LE OPINIONI DI IG PARTNERS n.6 – “Shine baby shine!”

Mai come negli ultimi mesi le energie rinnovabili sono state sotto attacco da parte di stampa e politici, e la fonte più bersagliata è stata senza dubbio il solare: costoso da installare, inefficiente nell’utilizzo, brutto da vedere, il solare, in particolare quello fotovoltaico, sembra essersi guadagnato sul campo la maglia nera della green economy.

Ma le cose stanno veramente così? In realtà, i numeri registrati dal solare fotovoltaico negli ultimi anni sono impressionanti. La nuova capacità installata annuale è passata da poco più di 330 MW nel 2001 a 7,2 GW nel 2009, con un incremento di oltre 20 volte. La crescita media è stata del 34% annuo tra il 2001 e il 2006, e addirittura del 65% tra il 2006 e il 2009.

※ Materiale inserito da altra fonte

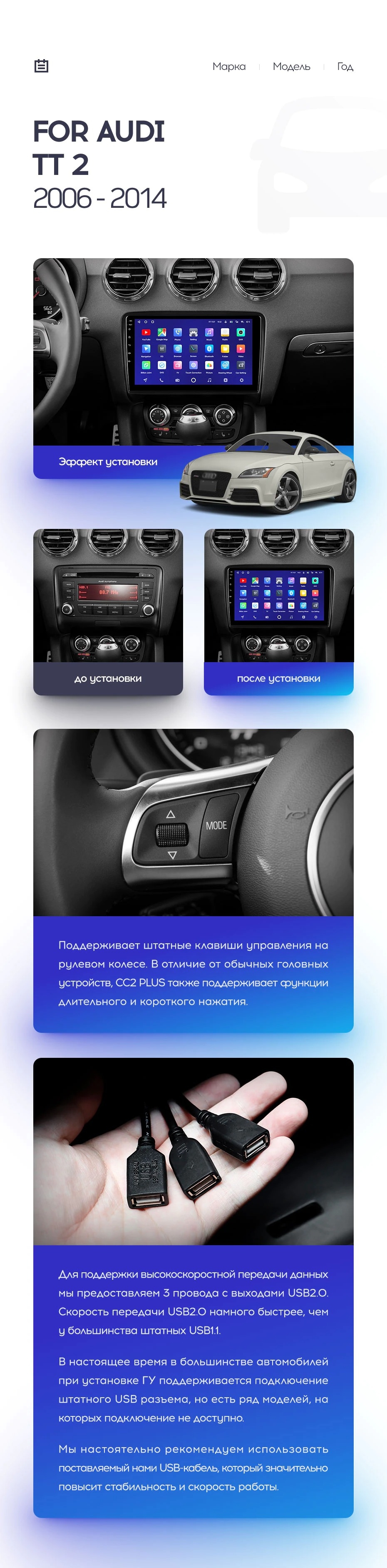 Штатная магнитола Teyes CC3 2K 4/32 Audi TT 2 (2006-2014) (13") - купить всего за 42 500 руб. в интернет-магазине во Владимире Teyes.com.ru. ✓ Самый лучший выбор мультимедиа ✓ Лучшая замена штатному ГУ ✓ Тел. +7 (800) 775-31-74
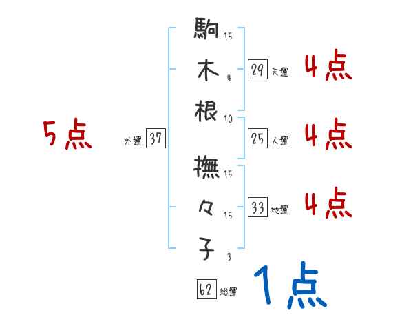 地運![]() | 駒木根撫々子さんの地運は33画の4つ星!権力志向でプライドが高い。勇気があり運を切り開き成功する。 個性を表す基礎的な運勢です。性格形成や対人関係、行動力など家庭環境に影響されます。主に誕生してから20歳くらいまでの若年期の運勢を表します。 |
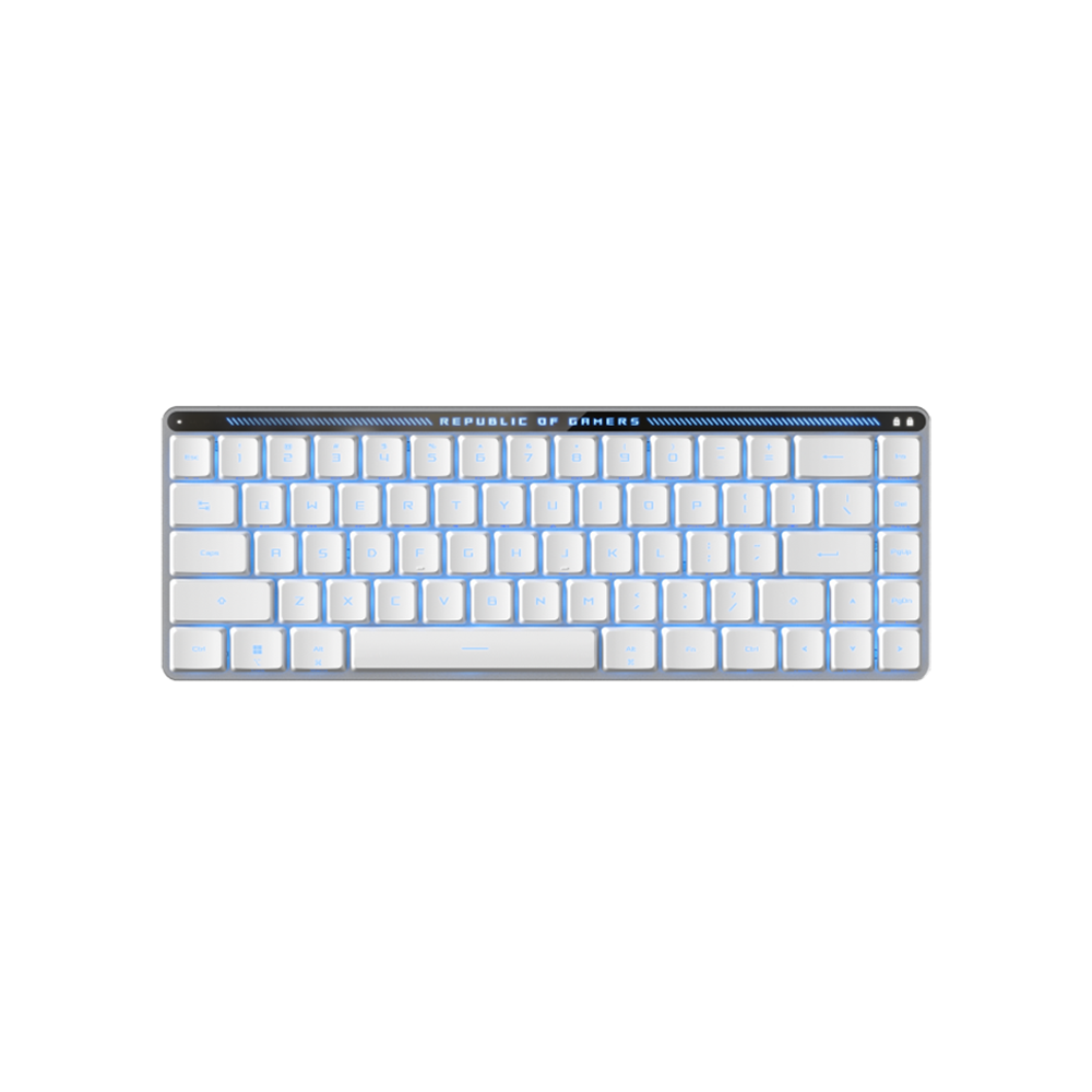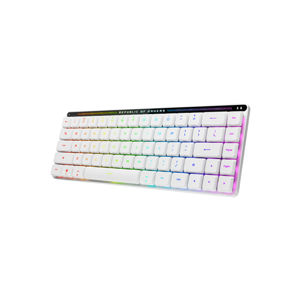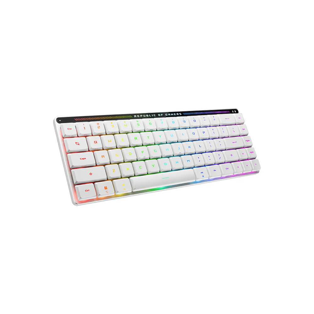 The ASUS ROG Falchion RX Low Profile Gaming Keyboard, available in white with RX Blue or Red switches, offers a sleek, compact 65% design. Featuring ROG RX optical switches, dual connectivity, and Aura Sync RGB, it ensures precision and style for gamers.

Nonostante tutti i maggiori mercati stiano rivedendo al ribasso gli schemi di incentivazione della tecnologia – Germania e Italia in primis – tutti gli analisti prevedono una crescita a doppia cifra anche nei prossimi anni, con tassi di crescita medi che si attesteranno tra il 15% e il 35% annuo almeno fino al 2013: la crescita sarà trainata dai mercati di Stati Uniti, Giappone e Cina, che andranno a costituire circa il 50% della domanda, raddoppiando la loro quota di mercato rispetto al 2009. Le potenzialità di crescita sono enormi, basti solo ricordare che la Germania, il leader mondiale del fotovoltaico, ha all’incirca le stesse ore di sole dell’Alaska.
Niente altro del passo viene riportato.